As is the case with any framework on the fringes, biohacking is as much defined by what it is as by what it pulls away from. It is firmly a step (arguably several) away from established medical practices, choosing instead to explore its own paths, electronic or otherwise.

Nootropics a la Limitless? Sure. Implanted hardware under the skin like RFID chips and biochemical monitors? Definitely. Genetic alteration? Why not.

Let’s throw in headphones that are literally in a person’s head, while we’re here.

Biohacking has a strong affinity for punk culture. Biopunk is a familiar term to anyone looking into grinder and cyborg perspectives. If it weren’t anti-establishment and DIY in its own way, endorsing the idea that people should have the right to really, really control how their bodies work, how could biohacking push the limits of human ability?
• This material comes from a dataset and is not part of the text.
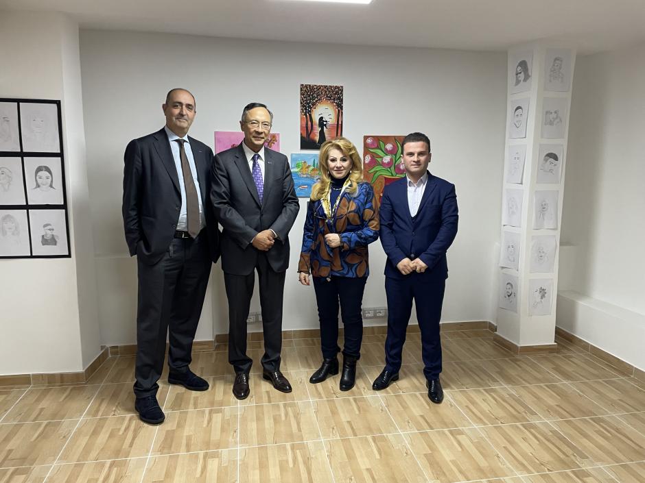 From left: Head of the OSCE Presence in Albania Guido De Sanctis, OSCE High Commissioner on National Minorities Kairat Abdrakhmanov, Head of the Committee on National Minorities of Albania (CNM) Konstantina Bezhani, and CNM Deputy Head Sead Kazanxhiu in the space hosting national minority youth art in the CNM building, Tirana, 9 January 2023.

Don’t take this as endorsement to pursue any of these practices. As with any sort of experimentation, there are risks aplenty. Do not do these things unless you’re certain you’ve done the research, know what you’re doing, and are ready to deal with the outcomes.

That said, there’s always been a broad-spectrum fascination for being more than human, especially in pop culture. Just look at Tony Stark, Steve Rogers, Carol Danvers, and almost every other hero (and villain) in the Marvel Cinematic Universe: they’re literal fantasies of what we could be, given… exceptional upgrade circumstances. Each one carries their own cautionary tale, of course, but the fact that these stories and fantasies keep coming up is proof of an existential undercurrent.

Humanity doesn’t want to just survive; it wants to be better.

Between the establishment and the extremists, it’s very likely that someday we might think of attaching cyborg arms to ourselves as casually as wearing glasses. Just like Keanu Reeves as Johnny Silverhand.